I am remodeling my rec room and I just had a bar built and 80 sq ft of slate installed around the bar. It looked awesome until I decided to grout it myself. I helped grout a 20 sq ft area near a back slider and that went fine. I also grouted a 15 sq ft on my countertop which also turned out fine, so I thought the 80 sq ft around the bar would be just as easy. Turns out, I should have only grouted a small area at a time and not the entire 80 sq ft at once. 

The grout hardend too much and will not come off! I burned through all the sponges I had. Then bought some grout haze remover and brushes. I spent hours working on 6 sq ft last night and I don't see any improvement. 

We never sealed the slate before grouting, which I see now, is pretty important. 

Does anyone have any suggestions before I start tearing up the slate are redo?

Thanks!

And yes, I am aware that I am an idiot so no need to point it out! :lol:


----------



## Rumajz (Dec 29, 2005)

Don't beat yourself up too much. This happens very often to people grouting slate tile. Even when you seal it prior to grouting it is still a huge pain especially if the texture has some deeper lines in the stone. 
I am afraid it will take some patience and elbow grease.
You will need a putty knife, stiff acid brush (the stiffer the better, do not use steel brush) and sulfamic acid crystals. It will be a lot of work but it will work. Sulfamic acid crystals will work nicely but be very careful working with this stuff. Protect every thing, your eyes, skin use a respirator etc. Whatever you touch, faucet, tools etc with your gloves, make sure to clean it before you touch it without gloves etc. It won't be fun, but I am pretty sure you can save this job. 

Good luck with it


----------



## thill (Aug 23, 2006)

Thanks for the tip! I will definitely try that. Any idea where I can find Sulffamic acid crystals? Home Depot, Menards Lowes? Thanks


----------



## mdad (Dec 4, 2007)

what kind of slate is it? most slates are impervious to acids. you may want to try muratic acid to remove the grout. Do a test area first. Ventilate the area well and do not breathe the fumes. If its limestone or marble do not use any acid.


----------



## thill (Aug 23, 2006)

mdad said:


> what kind of slate is it? most slates are impervious to acids. you may want to try muratic acid to remove the grout. Do a test area first. Ventilate the area well and do not breathe the fumes. If its limestone or marble do not use any acid.


 
It's just a cheap "multi color" slate. I'm pretty sure it's not limestone and def not marble.


----------



## Rumajz (Dec 29, 2005)

I don't know about chain stores but here is a link to online options:

http://www.google.com/search?q=sulf...eFtDusgaz0KWeAw&ved=0CCEQrQQ&biw=1440&bih=578

I'd imagine that tile pro-shops would have it.


----------



## Jaz (Oct 16, 2009)

Sulfamic acid is the way to go. Anyone who sells tile products should have it. You gotta wait 10 days after grouting. Meanwhile do a test to see if the slate is affected in any way. It could get damaged, etched. Follow directions to a tee. Mainly to wet the floor first.
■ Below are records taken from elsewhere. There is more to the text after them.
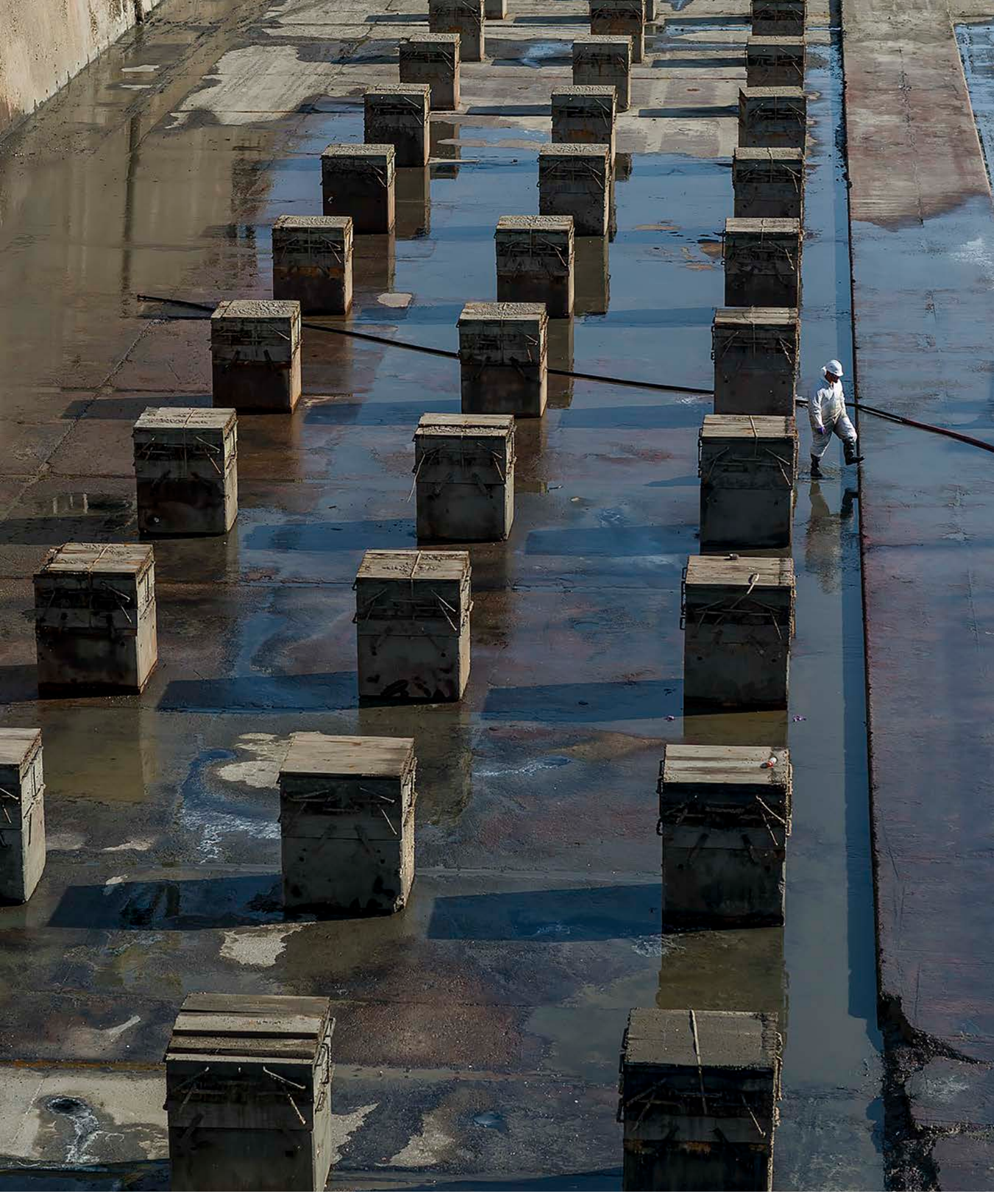
Check Out November "Hot Shots"

View November "Hot Shots" on Yardnet or at nns.huntingtoningalls.com/photos. Pictured above: Keel blocks.
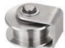
EG- 钢轮 E
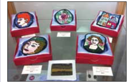
Dianne Wood, Brooches
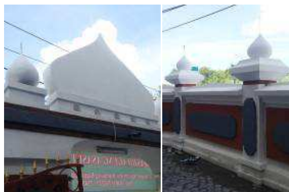
Figure 16. Gate and fence of Asasuttaqwa Mosque

At early 2000, the ta'mir of Asasuttaqwa Mosque encouraged by the local government to applying element of Balinese style architecture to preserving the local architectural tradition. On the one hand, the ta'mir and the congregation of Asasuttaqwa Mosque want to keep the building form is considered ideal mosque to represents a worship place of Moslems, but on the other hand there are demand from the government to applying the element of Balinese architecture.
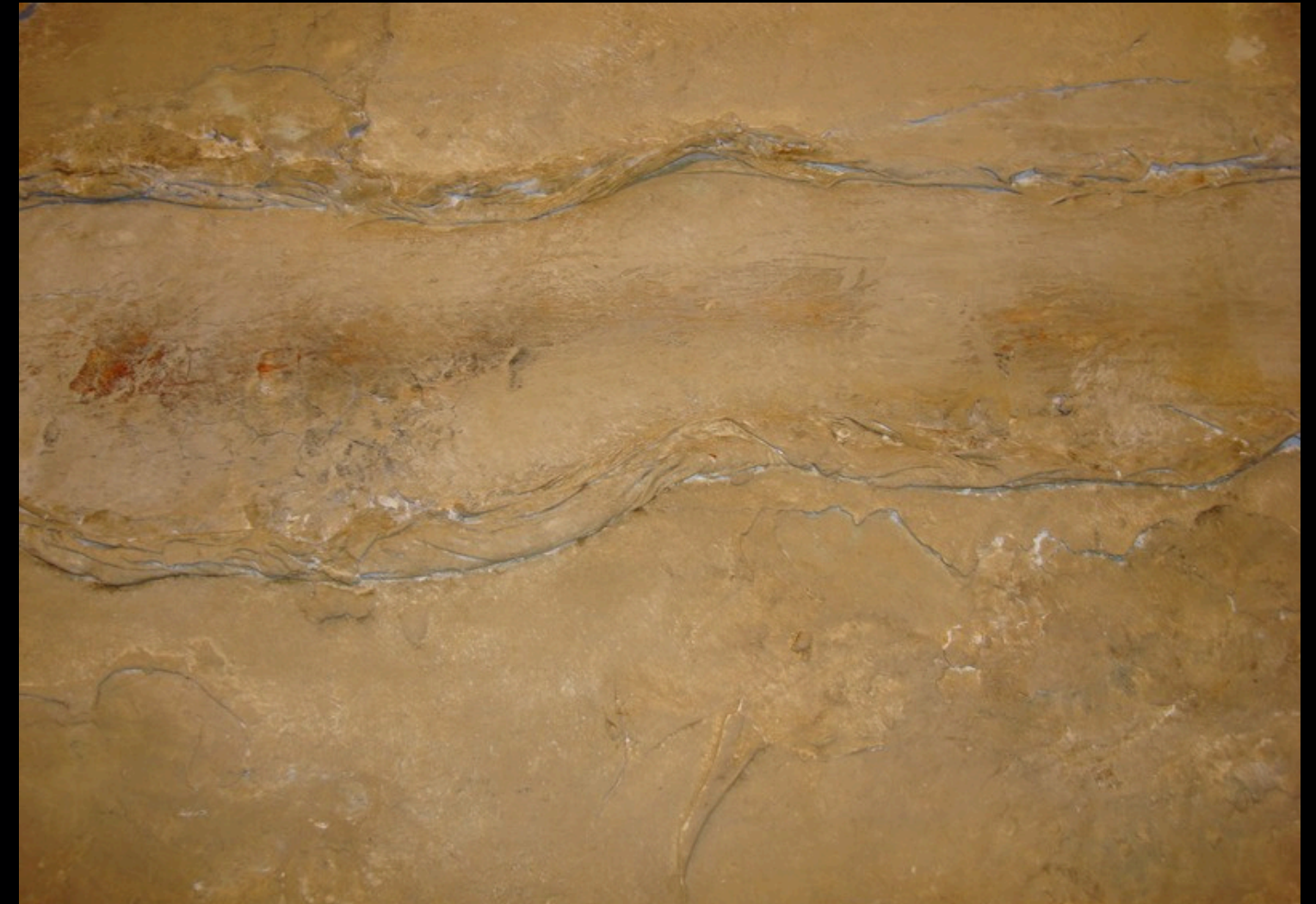
You. 60 x 73 x 2 cm. Acrylic and mixed technique 2008.
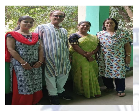
Departmental group photo
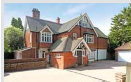
Bluehouse Lane, Oxted. Guide price £1,375,000 A substantial 7 bedroom Edwardian residence close to Oxted and its station. EPC: E Hamptons Caterham & Oxted 01883 759487
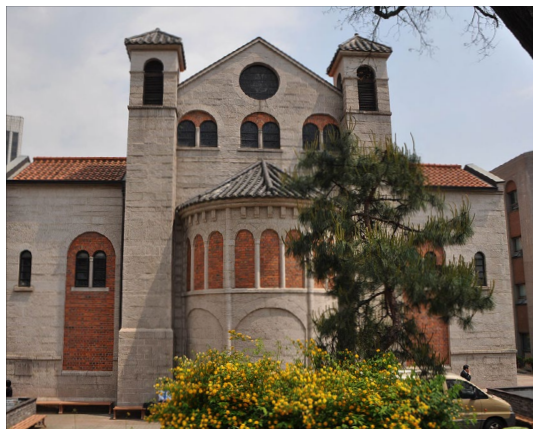
Image: The Cathedral Church of St Mary the Virgin and St Nicholas, Seoul, Korea.
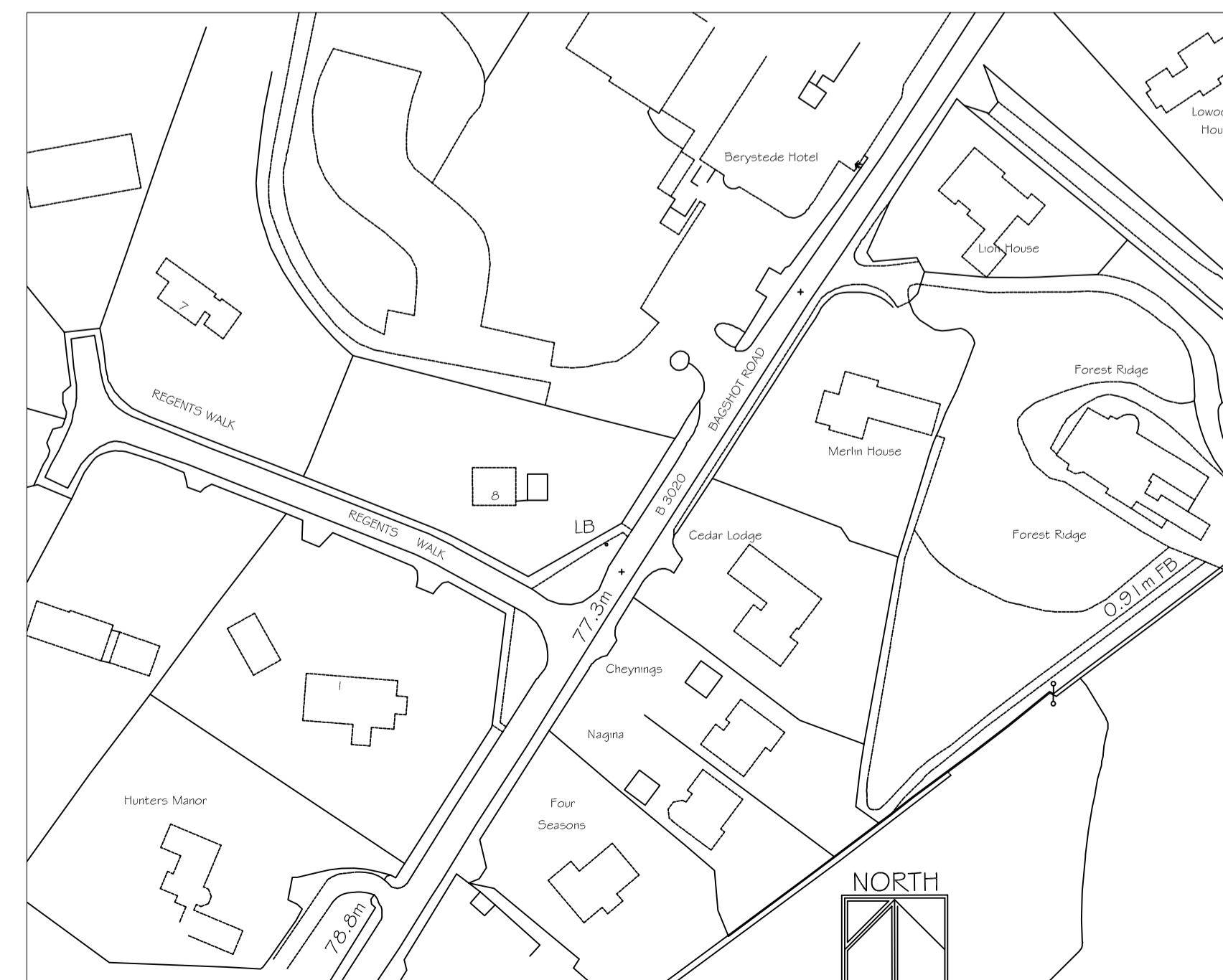
LOCATION PLAN Scale 1 : 1250
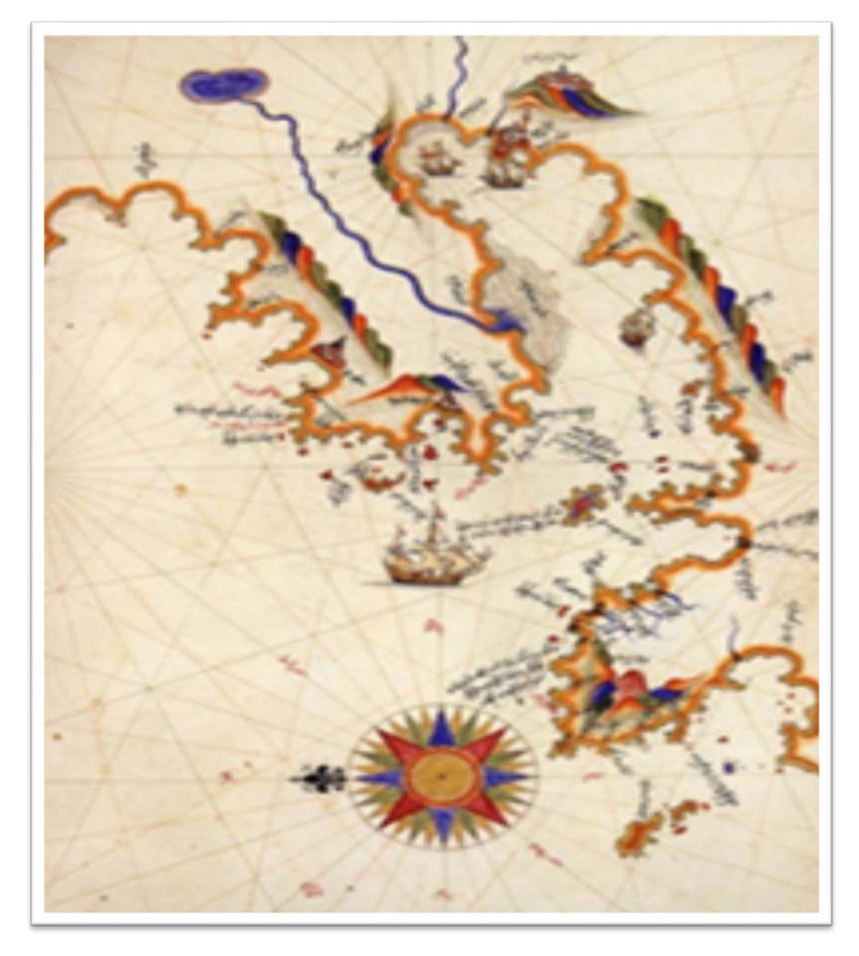
Figure 2. Port of Izmir and Its Surroundings

of ports and port trade. Piri Reis does not directly take into account the demographics of the port cities and the historical dimension of their commercial activities. His main purpose is to give some basic information necessary for ports, port cities and a safe maritime trade. For this reason, we can say that Sibel Zandi-Sayek filled the missing parts of the book regarding Izmir. Sayek considered it more appropriate to examine the Port City of Izmir in the context of urban relations. It is chronologically worth resuming the search on Izmir and Izmir Port two centuries after Piri Reis.
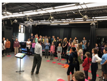
Our AGMS Choir in action early Wednesday morning.

Arbutus Global: Celebrating diversity; Seeking sustainability
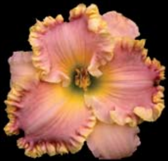
Nekkid Woman Paddling A Canoe
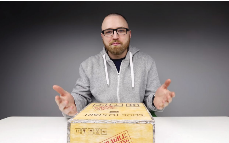
Moto E Unboxing! (Youtube 2015) by Unbox Therapy

➤ It would take more than 7 years to watch YouTube’s current stock of videos with “unboxing” in their title.

DO NOT use Muriatic acid for this, especially indoors. Who recommended that? 

Jaz


----------



## PLUMMER47 (Dec 9, 2006)

Actually Virginia Tile recommended muratic acid and a contractor to do the job. Worked good. I think it took him 3-4 hours for about 350 sqft. Natural slate.


----------



## Rumajz (Dec 29, 2005)

I wouldn't use muriatic acid either. But if it worked and their lungs are still ok, and nothing else got damaged, good for them.


----------



## trout (Jan 17, 2000)

Vapors from muriatic acid can and will dammage alot of stuff inside a house.
even upstairs if you use it in the basement.
Beware


----------



## Jaz (Oct 16, 2009)

> Actually Virginia Tile recommended muratic acid


I like Virginia Tile, I casually know the owner, like the employees very much, been doing business with them since they were a "hole in the wall" on Livernois just N. of 8 Mile. However, they don't know much about actual installations, all they do is sell stuff. They have never installed tiles with the exception of sample boards. 

Muriatic acid indoors is nuts. Plus muriatic acid for grout is nuts too. The acid will destroy the grout which is how it'll come off the tiles. Sulfamic does the same thing but is much safer and milder on the grout. 

Reminds me of a situation which happened in the early '80's. New house, big house. Slate in for large foyer and halls. The helper came back after the HO moved in to remove the grout again. He used Muriatic acid. 
Results: all metallic items including fixtures, furniture, pipes, electrical wiring, appliances, tv's etc. were ruined by either slight direct contact or the fumes. 

The house was torn down and later rebuilt. It cost State Farm over 480K, which was a lot of money for a house back then. 

Jaz


----------